Segment Start: Material provided

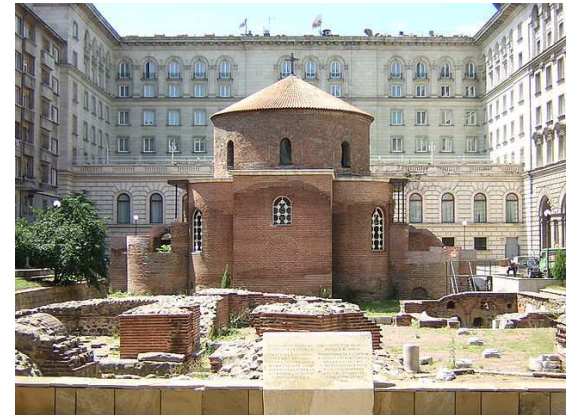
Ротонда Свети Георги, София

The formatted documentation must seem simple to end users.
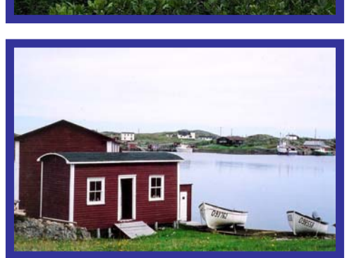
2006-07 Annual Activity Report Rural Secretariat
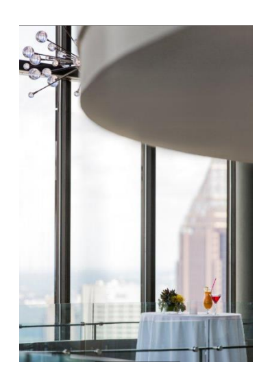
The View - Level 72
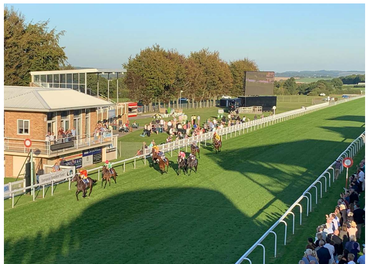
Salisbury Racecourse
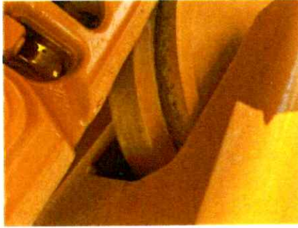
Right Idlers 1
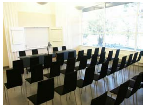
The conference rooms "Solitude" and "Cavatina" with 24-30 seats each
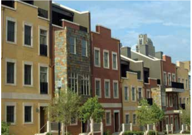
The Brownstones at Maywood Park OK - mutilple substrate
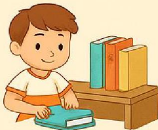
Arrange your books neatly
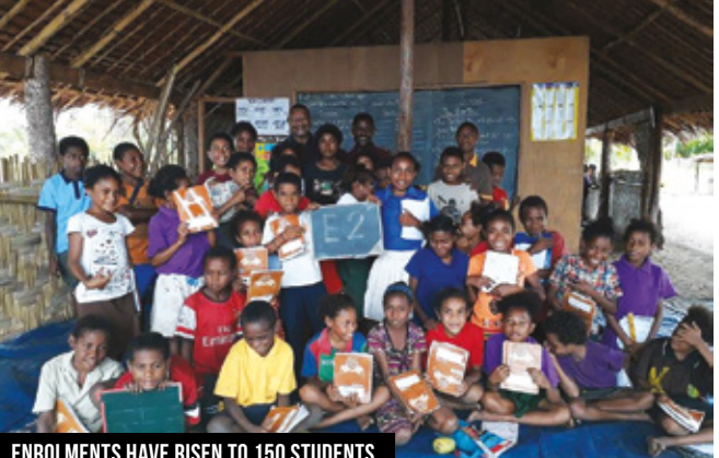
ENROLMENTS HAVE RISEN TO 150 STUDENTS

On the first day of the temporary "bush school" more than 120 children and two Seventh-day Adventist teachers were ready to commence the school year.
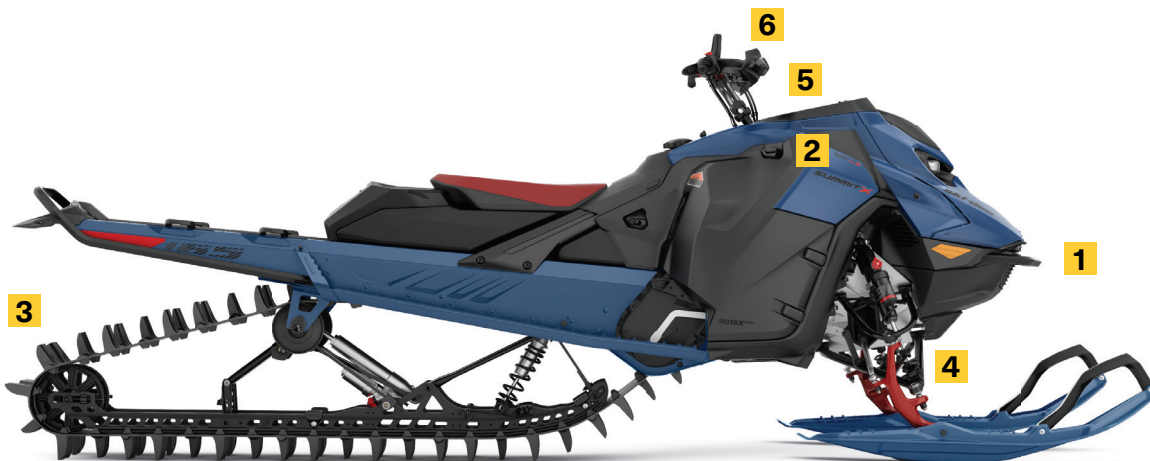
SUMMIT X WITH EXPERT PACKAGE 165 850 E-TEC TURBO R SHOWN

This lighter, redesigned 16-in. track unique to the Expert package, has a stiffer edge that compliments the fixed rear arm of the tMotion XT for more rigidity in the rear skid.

Segment End: Material provided
Segment Start: Material provided

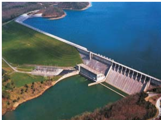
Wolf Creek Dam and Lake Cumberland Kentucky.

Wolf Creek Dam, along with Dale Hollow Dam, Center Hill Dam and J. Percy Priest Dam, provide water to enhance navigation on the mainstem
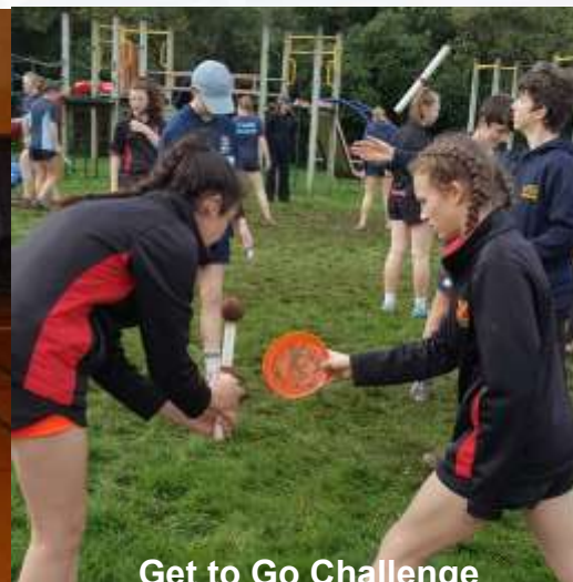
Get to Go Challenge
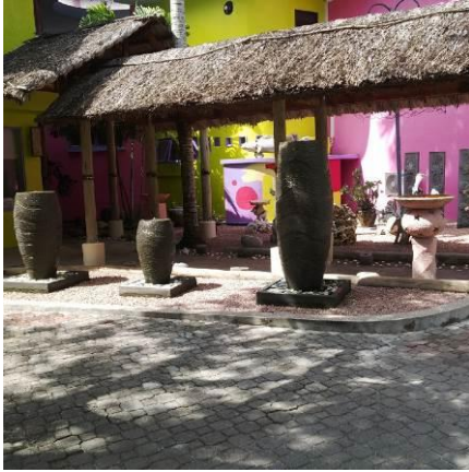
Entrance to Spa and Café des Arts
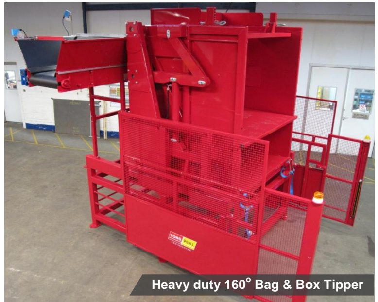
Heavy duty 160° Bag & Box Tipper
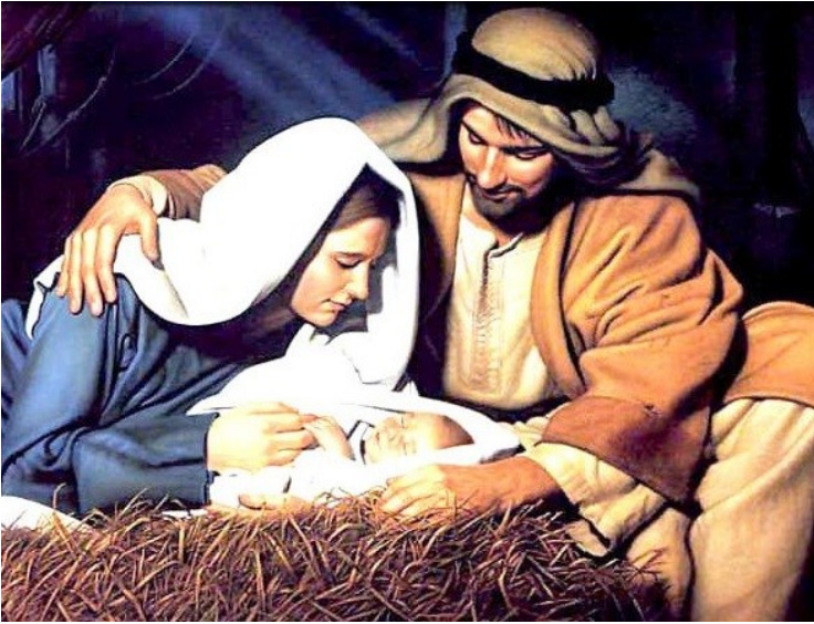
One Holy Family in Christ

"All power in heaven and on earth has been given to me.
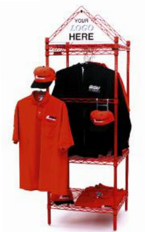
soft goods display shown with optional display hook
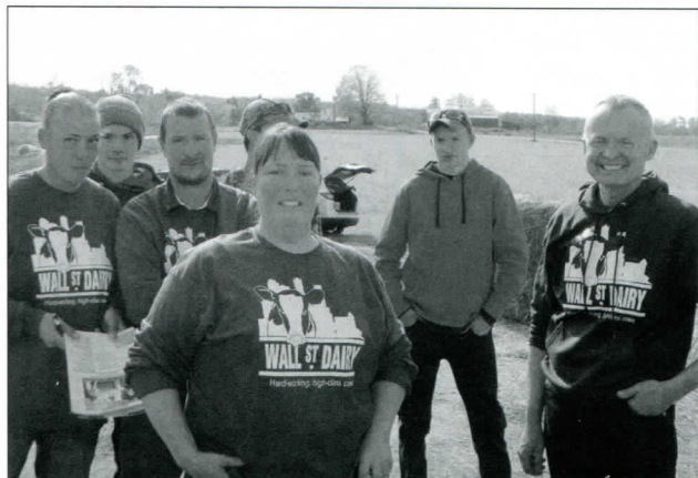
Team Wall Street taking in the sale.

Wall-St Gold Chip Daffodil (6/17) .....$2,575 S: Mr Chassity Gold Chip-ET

Segment End: Material provided

## Activity
Your task is to copy each line of the data above that holds "Wall".

## Completed task
Team Wall Street taking in the sale.
Wall-St Gold Chip Daffodil (6/17) .....$2,575 S: Mr Chassity Gold Chip-ET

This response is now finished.